-- YOUR OBJECTIVE --
In the material below, find the span from the line with "Mais detalhes: Saia" to the line with "SFP+(uplink port) |" and transcribe only those lines, exactly, ends included, without the pictures.

-- DATA TO PROCESS --
┄┄┄┄┄┄

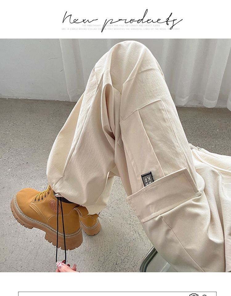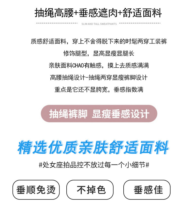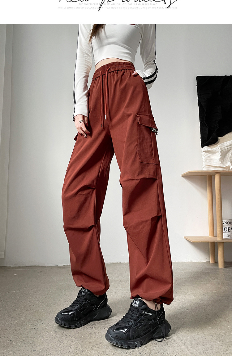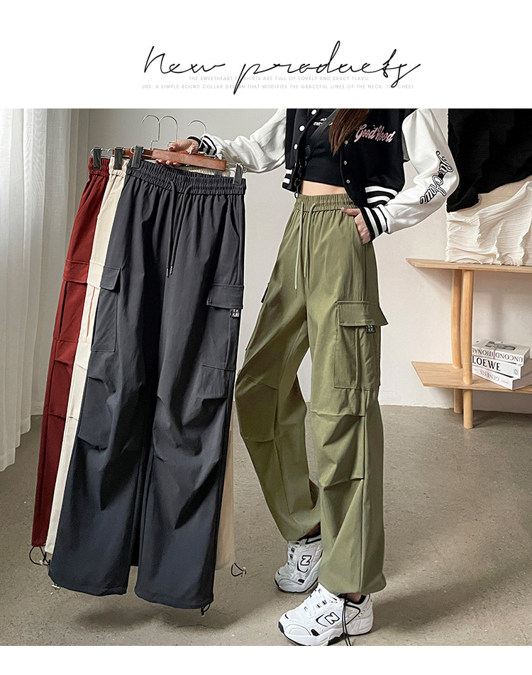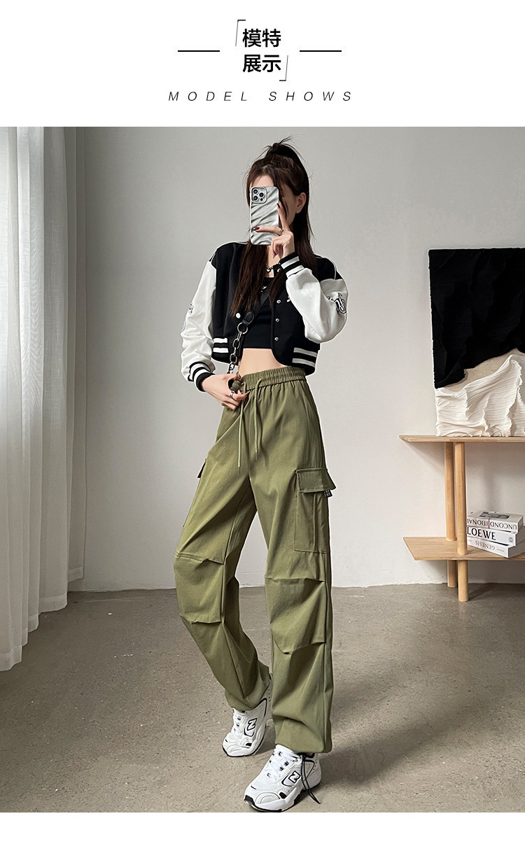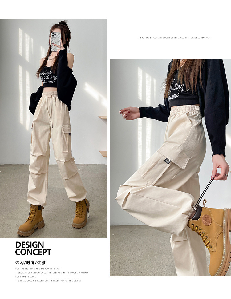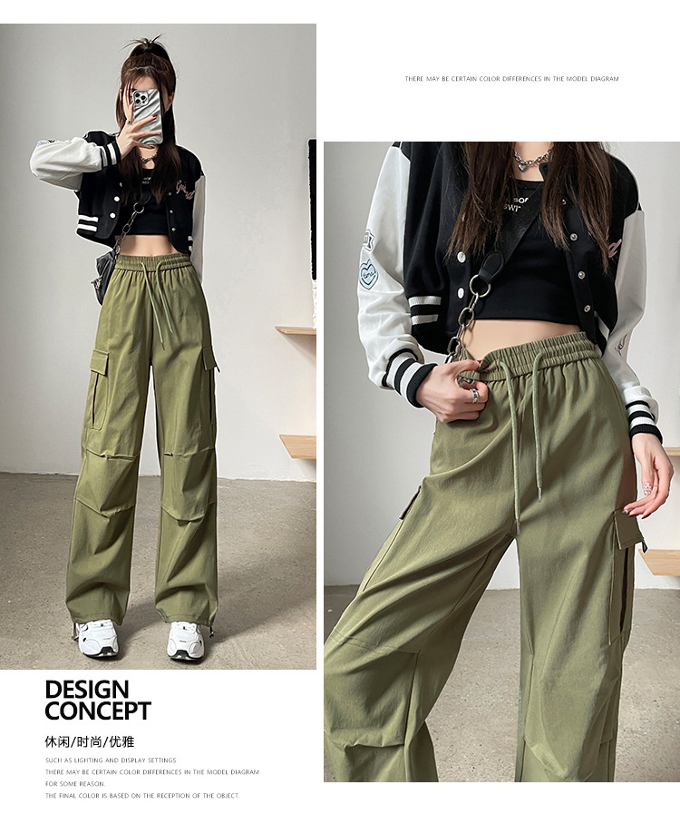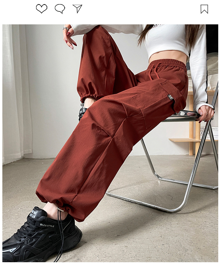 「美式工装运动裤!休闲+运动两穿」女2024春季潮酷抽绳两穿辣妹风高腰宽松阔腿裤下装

┄┄┄┄┄┄

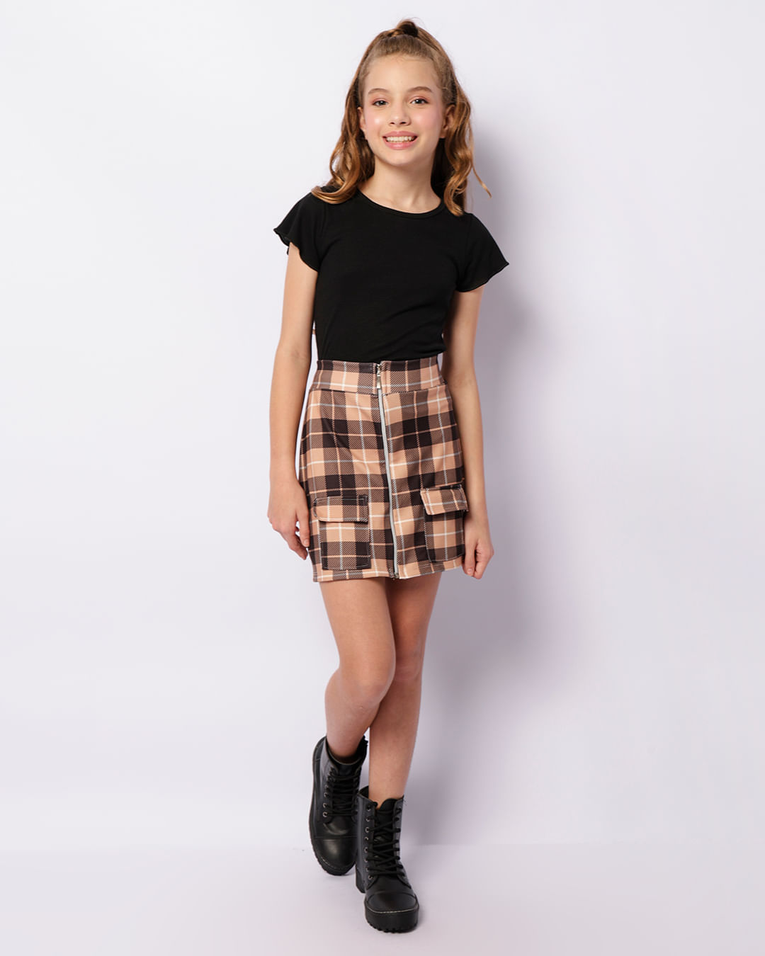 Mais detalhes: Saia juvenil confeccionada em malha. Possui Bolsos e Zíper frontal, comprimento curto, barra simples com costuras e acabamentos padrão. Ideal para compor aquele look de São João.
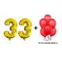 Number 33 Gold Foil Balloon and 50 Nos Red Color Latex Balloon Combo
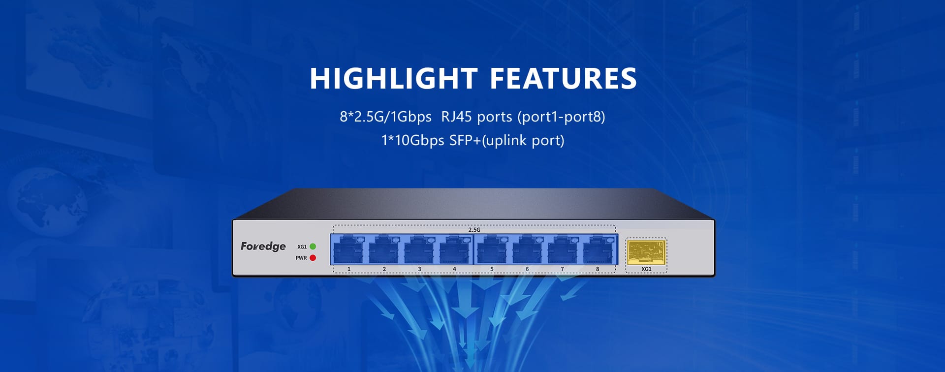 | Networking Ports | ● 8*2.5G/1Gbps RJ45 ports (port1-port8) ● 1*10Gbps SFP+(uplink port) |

┄┄┄┄┄┄

-- WRITTEN SOLUTION --
 Mais detalhes: Saia juvenil confeccionada em malha. Possui Bolsos e Zíper frontal, comprimento curto, barra simples com costuras e acabamentos padrão. Ideal para compor aquele look de São João.
 Number 33 Gold Foil Balloon and 50 Nos Red Color Latex Balloon Combo
 | Networking Ports | ● 8*2.5G/1Gbps RJ45 ports (port1-port8) ● 1*10Gbps SFP+(uplink port) |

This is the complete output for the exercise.